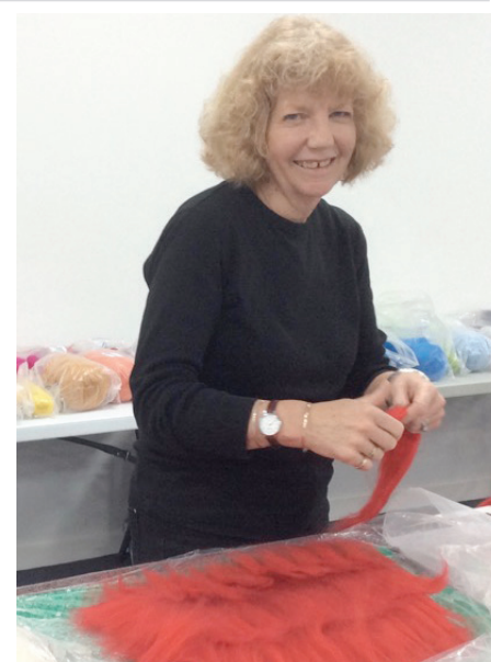
Active members at El Kanah retreat 2018
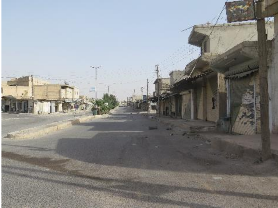
The town of Suluk to which residents have not been allowed to return, 30 July 2015.

A 91-year-old man from al-Ghbein who suffered from heart disease complained to Amnesty International that the YPG told him he had to leave the village, which was cut off from electricity and water. He said that he wanted to travel to Turkey where his wife and children were living, but that he was denied entry three times at the border. "I am hungry and thirsty," he said. He had nowhere else to go. 51
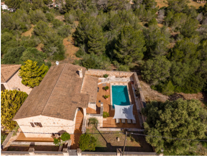
Directly adjacent to a non-buildable forest plot
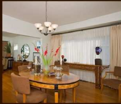
Spacious Dining Room Family and Friends are welcome.
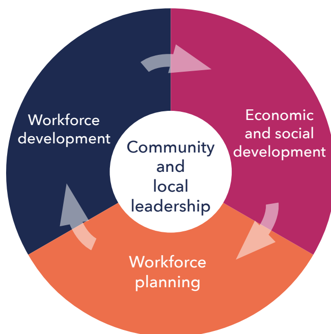
Figure 1. Workforce planning and development is a key driver of economic and social development

From a region's perspective, workforce planning identifies the required skills to help ensure businesses have ongoing access to a skilled labour force.
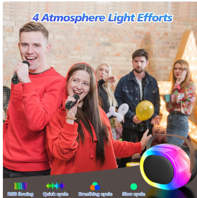
Image: The dynamic atmosphere lights of the karaoke machine creating a lively environment.

The speaker unit includes colorful dynamic atmosphere lights. These lights can be changed to different modes to enhance the ambiance. Refer to the speaker's control buttons for light mode selection (usually integrated with the 'M' button or a dedicated light button if available).
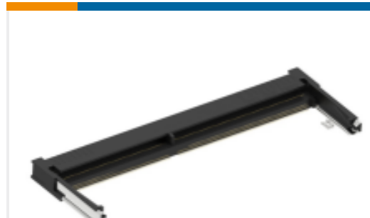
TE Part #2309409-2 DDR4 SODIMM 260P 5.2H STD
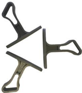
Plastic Lifebuoy Snatch
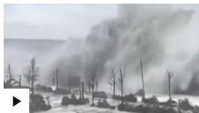
Watch: Huge waves hit Russian coast in Winter storms
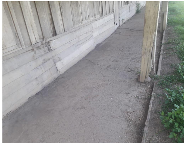
Photos of the Nong Mai Primary School to be renovated
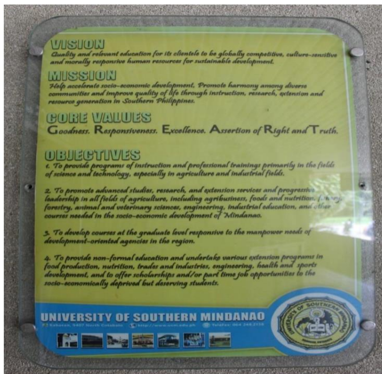
USM VMGO LOCATED IN THE ADMINISTRATION BUILDING
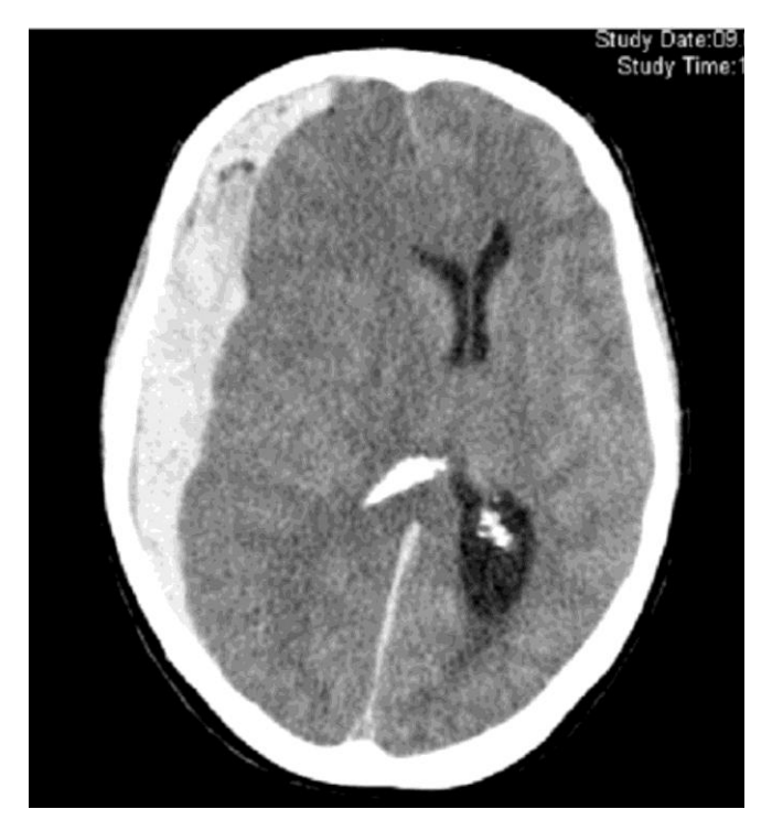
Fig. 2: CT scan of Acute Subdural Hematoma.
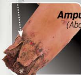
Amputation (Above Knee)
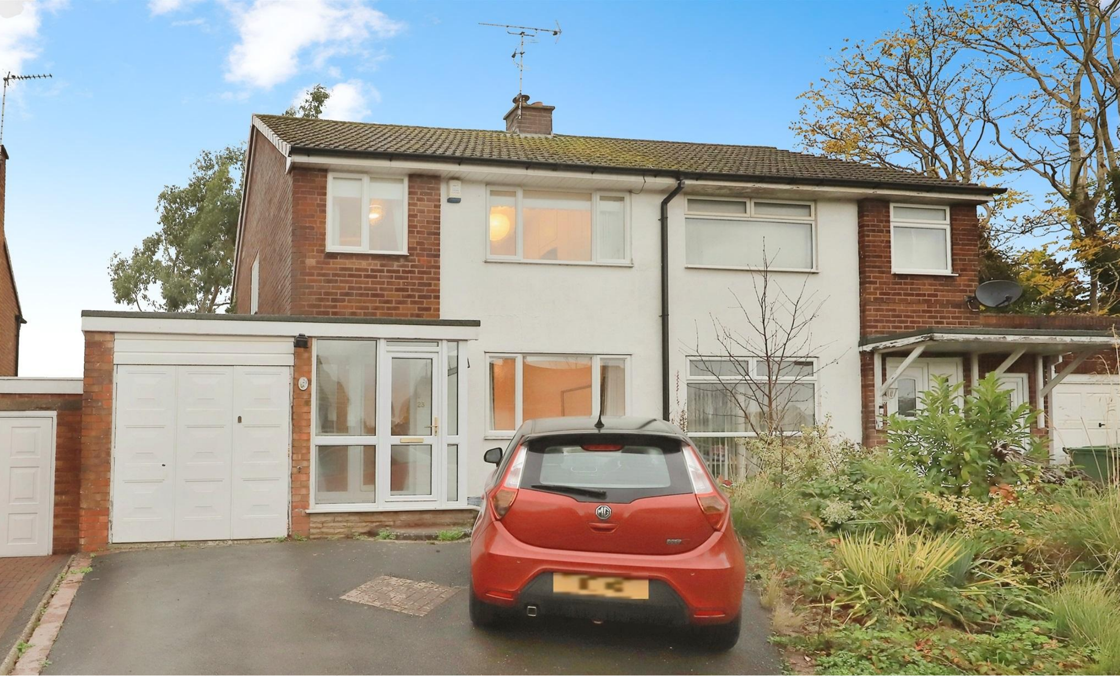
The Greenway, Hagley, STOURBRIDGE, DY9 0LT
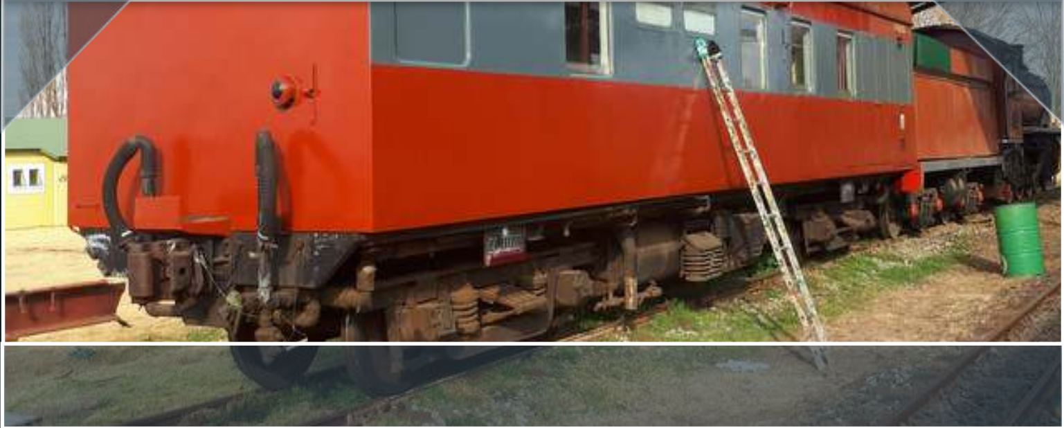
Brian tackled the cosmetic restoration of the 3'6" caboose in Hoekfontein Station.
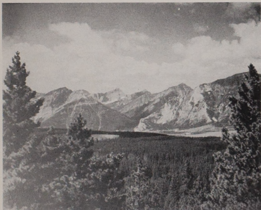
Waterton National Park—Base of Many Activities
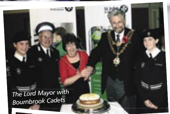
The Lord Mayor with Bournbrook Cadets
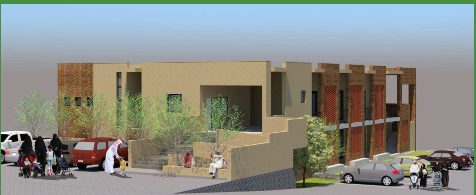
MAIN ENTRANCE VIEW FROM MASJID PARKING LOT
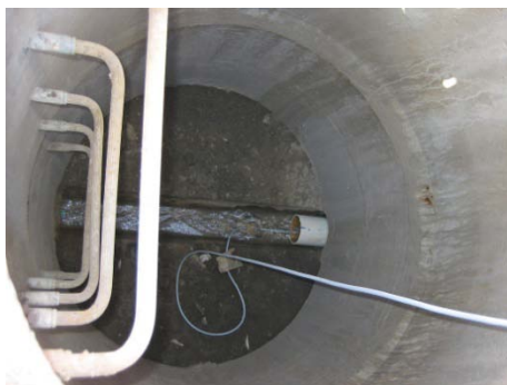
Level-Velocity Sensor Installation in Manhole Inlet Pipe

The I&I study of the Glen Walter Sewage Collection was conducted from May 16th to June 9th 2006. The instrument's ultrasonic sensors were installed in 7 different manholes for periods of 3 to 5 days. To capture detailed flow information the Township set the Stingrays to take readings at 10 second intervals. To deploy each unit, a township technician selected a manhole location, attached a stainless steel bracket in the influent pipe, then mounted the sealed, ultrasonic sensor into it. The technician connected the sensor cable to the watertight electronic logging unit and hung it inside the manhole. The logger recorded the date and time, water level, velocity and temperature.
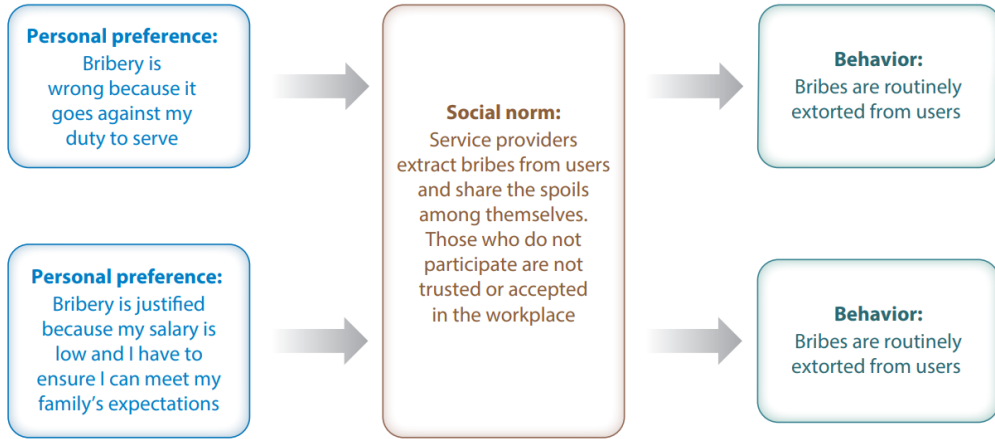
Figure 2: social norms resulting in and perpetuating corrupt behaviour (Kubbe, Baez-Camargo and Church 2024:430)

An example of a social norms change approach in countering corruption could be to focus on shifting perceptions of the descriptive norm (what people think others do) to reduce corrupt acts or conduct a public awareness campaign highlighting bribery as being not as widespread as people think (Kubbe, Baez-Camargo and Church 2024). However, while social norms change could be useful in countering corruption (and gender inequality) there have been very few tested social norms anti-corruption interventions in the real world (Kubbe, Baez-Camargo and Church 2024).
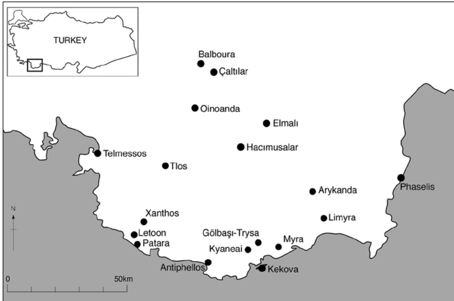
Figure 5.1: Map of Lycian sites mentioned in the text (drawing S. Grice).

expedition to retrieve these antiquities for the museum. Fellows returned in 1840, although the firman for removal was not secured, and he returned empty handed.
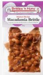
BR21 150g/pkg 24 bags/case MSRP $12.99-$13.75
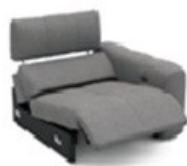
B150ER 104 cm x 99 cm x 99 cm 53 kg / 1 pcs
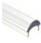
cover type S (00220)
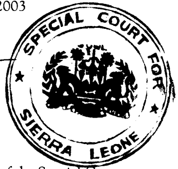
Seal of the Special Court
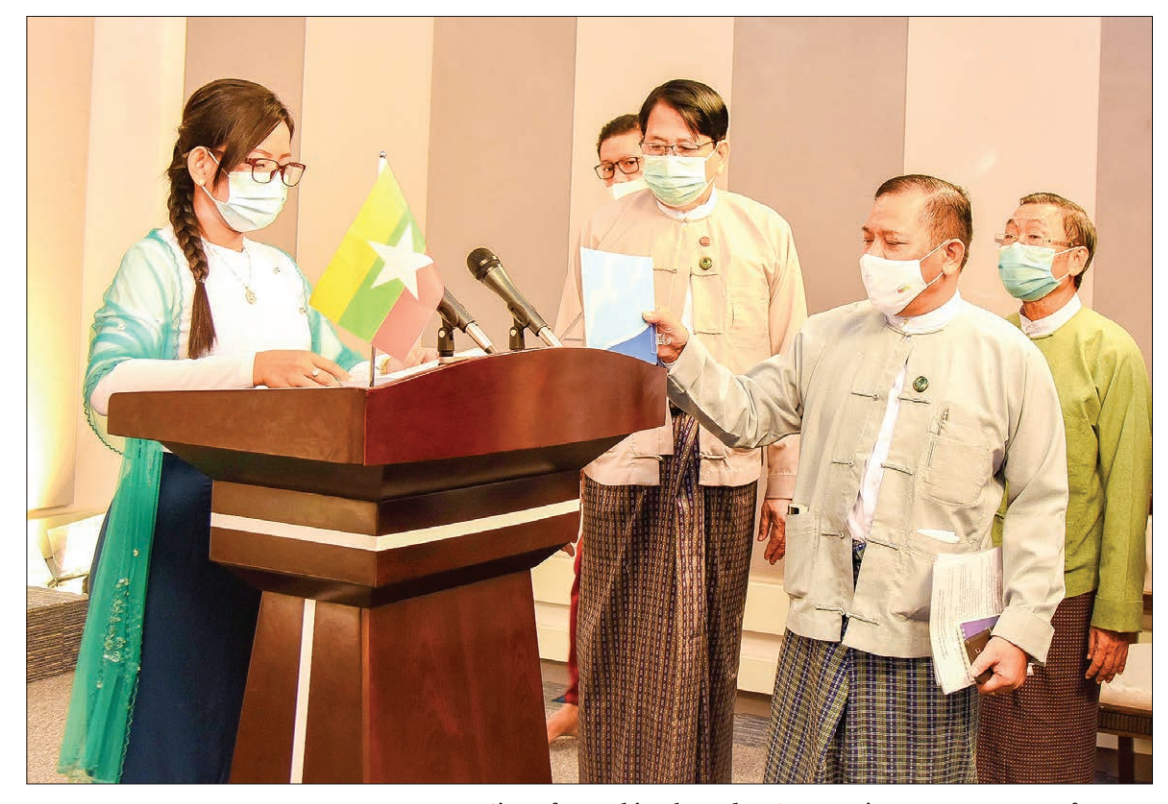
\label{thm:condition} \begin{tabular}{ll} \textbf{Union Minister Dr Pe Myint inspects preparations for making broadcast campaign programmes of political parties on 4 Sept. \end{tabular} \begin{tabular}{ll} \textbf{} \end{tabular}
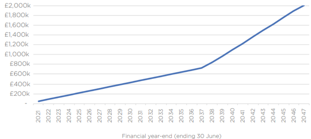
Total cumulative community payments

It is important to point out that community fund payments are not guaranteed and are subject to the ongoing performance of the Group and solar farm
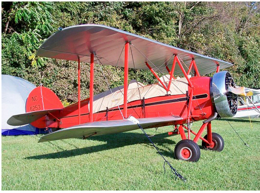
Waco ASO Canopy Cover
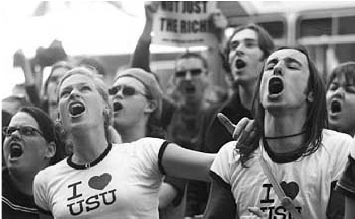
NSW students campaigning in favour of universal student unionism
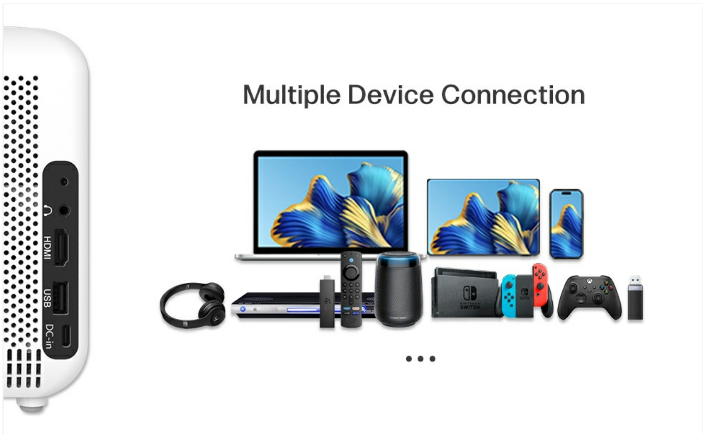
Image: A visual representation of various devices (laptop, phone, game console, streaming stick, USB drive) connecting to the HP Projector CC180 via its available ports.
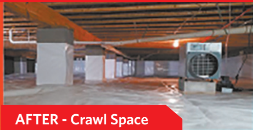
AFTER - Crawl Space
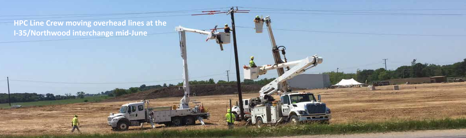
HPC Line Crew moving overhead lines at the I-35/Northwood interchange mid-June

A monthly publication for members of Heartland Power Cooperative | July 2020
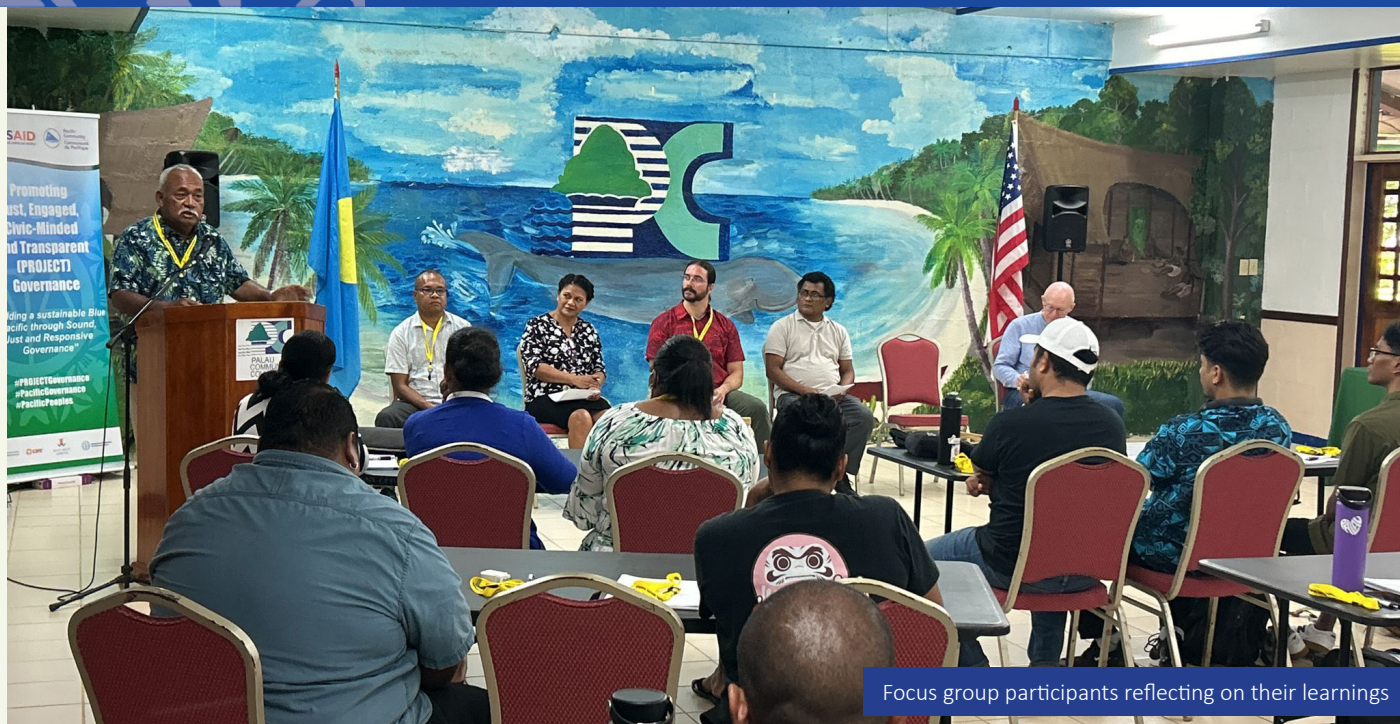
Focus group participants reflecting on their learnings
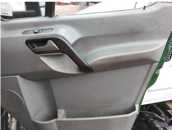
13: Door Pad osf Soiled Heavy
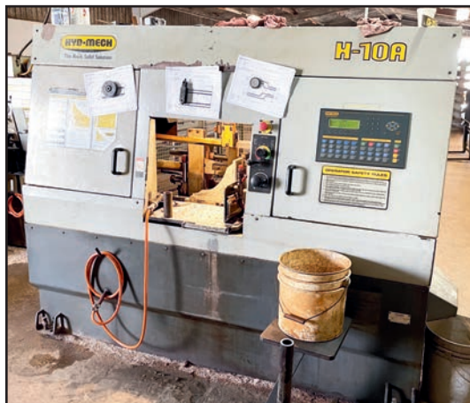
Hyd-Mech H-10A Horizontal Bandsaw
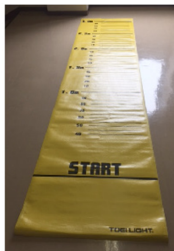
Figure 3. Mats for Standing Long Jump

Mats developed for standing long jump were prepared (TOEILIGHT CO., LTD., T-2598). The subjects prepared themselves by standing on the mat with their legs slightly apart and their toes aligned with the front edge of the take-off line and jumped when they were ready. At the time of the jump, they were instructed to jump forward as far as possible. The distance from the take-off line to the heel of the foot closest to the take-off line was measured and recorded twice; the greater value was used as a representative value.

Directions for this task
Return the lines containing "community", taking each one from the listing.

Exercise result
Total cumulative community payments
It is important to point out that community fund payments are not guaranteed and are subject to the ongoing performance of the Group and solar farm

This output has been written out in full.